Currently, most academic research on TA focuses on system engineering [50,51,52] or pre-clinical imaging, such as functional brain imaging and cerebral hemorrhage detection [53] or joint and bone imaging [54]. Other examples include deep-tissue (>6 cm) kidney imaging in large swine and real-time monitoring of therapeutic interventions, such as microwave ablation (MWA) therapy [55]. However, in recent years, TA imaging has emerged as a clinical tool for diagnosing and monitoring various tissues and disease states. For example, in their seminal paper, Kruger et al. [56] demonstrated clear contrast enhancement in the tumor region for three patients imaged both before and after chemotherapy. Conversely, the two breast cancer patients imaged after completing their chemotherapy showed no contrast enhancement. This finding correlated with subsequent pathologic examinations, which confirmed their disease was in complete remission.

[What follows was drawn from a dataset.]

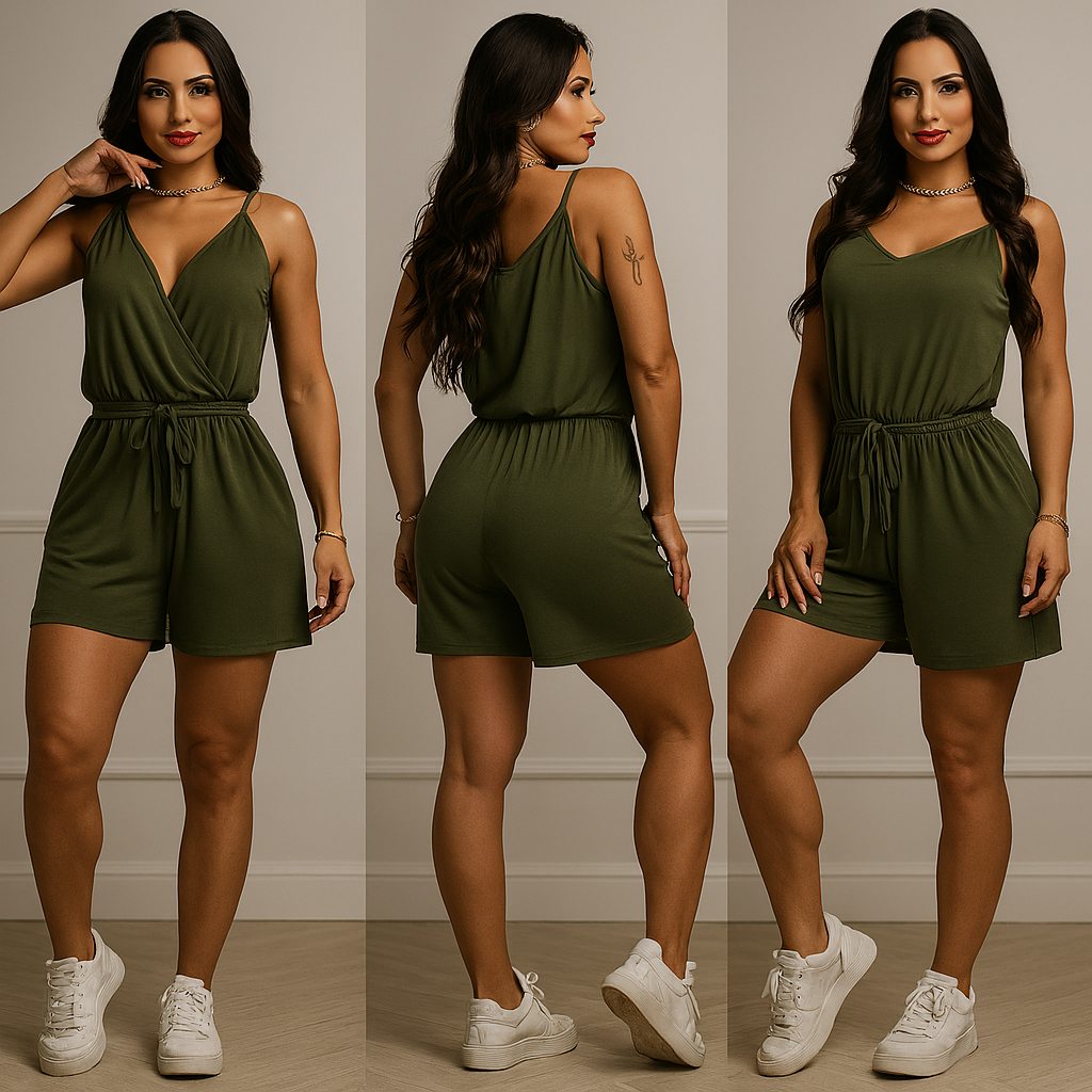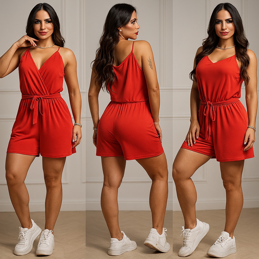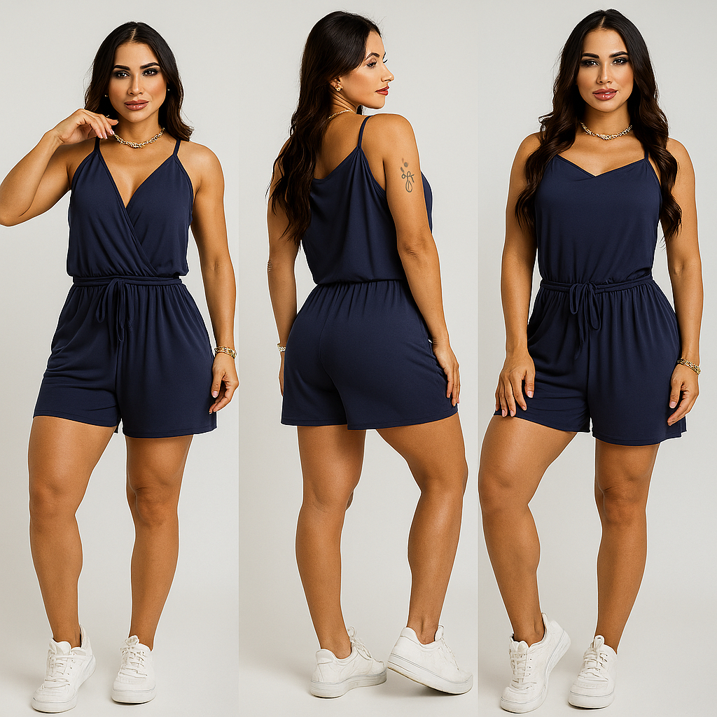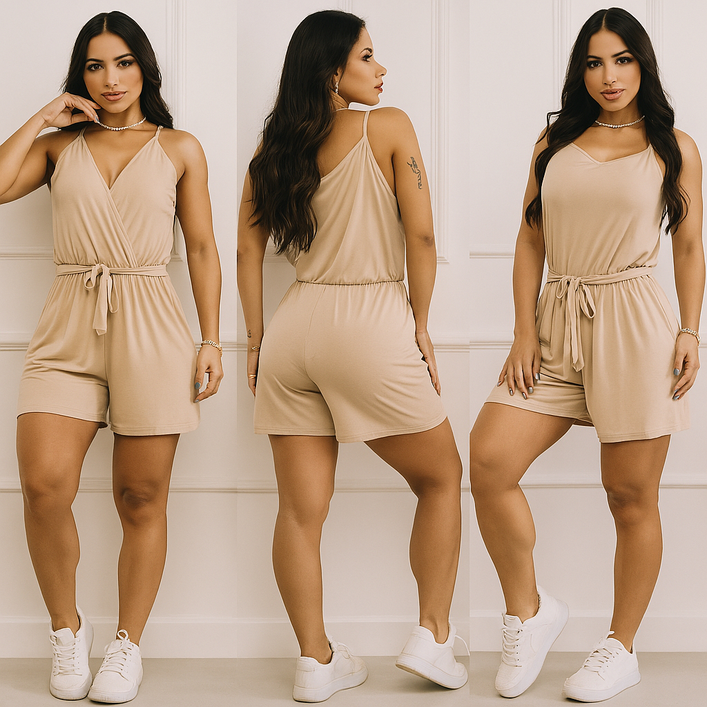 macaquinho elegante envio rapido mais vendidos curto alça liso duas versões com laço casual shortinho

This paper describes a system and the clinical study used to assess the feasibility of a point-of-care, portable thermoacoustic system for measuring liver fat fraction. To that end, TA techniques can estimate liver fat since their contrast mechanism relies on differences in tissue conductivity when subjected to an RF pulse: lean tissues, which have high water and ion content, absorb significantly more energy than fatty tissues, which have low water and ion content. This difference in energy absorption, particularly at the boundary between muscle and liver, generates a stronger thermoacoustic signal as liver fat content increases, thereby enabling quantitative measurement of steatosis. Moreover, the layered structure of the tissue (skin, subcutaneous fat, muscle, and then liver) provides an inherent calibration method for the measured signal, as subcutaneous fatty tissue is predominantly fat (>90%) and muscle is predominantly lean tissue (>95%). Thus, for each measurement, signals from purely fatty and purely lean tissues are acquired along with those from the unknown liver tissue, enabling their use for calibration. The aim of this paper is to estimate the feasibility, accuracy compared to the reference standard MRI-PDFF, and reproducibility of using a handheld TA device for liver fat estimation.
2. Materials and Methods
2.1. TAEUS® Liver System
The TAEUS^®^ Liver System (ENDRA Life Sciences, Inc., Ann Arbor, MI, USA) is a point-of-care thermoacoustic system for measuring LFF. It includes four main subsystems, as illustrated in Figure 1A: (1) Console: A cart-mounted enclosure that contains an RF Source, electronics, and software. (2) Probe: A handheld component that includes an RF applicator and a receive-only ultrasound transducer. (3) Display assembly: A touchscreen tablet that is the graphical user interface for the ultrasound probe, a touchscreen monitor (TA display) that is the graphical user interface and input device. (4) Handheld ultrasound probe: a wireless U/S probe. Figure 1B shows a photo of the system.
During a scan, the TA console generates high-power RF pulses (7 kW peak power). It delivers these pulses to the RF applicator within the TA probe via a coaxial cable. The RF applicator is an open-ended waveguide antenna designed to efficiently couple RF energy into human tissue. Using an RF tap, a small fraction (<0.01%) of the power is redirected to a power monitor inside the console, ensuring every pulse is monitored for safety. The system operates below the specific absorption rate (SAR) limits for standard mode MRI operation [57] and below the maximal permissible exposure (MPE) for the electric field [58].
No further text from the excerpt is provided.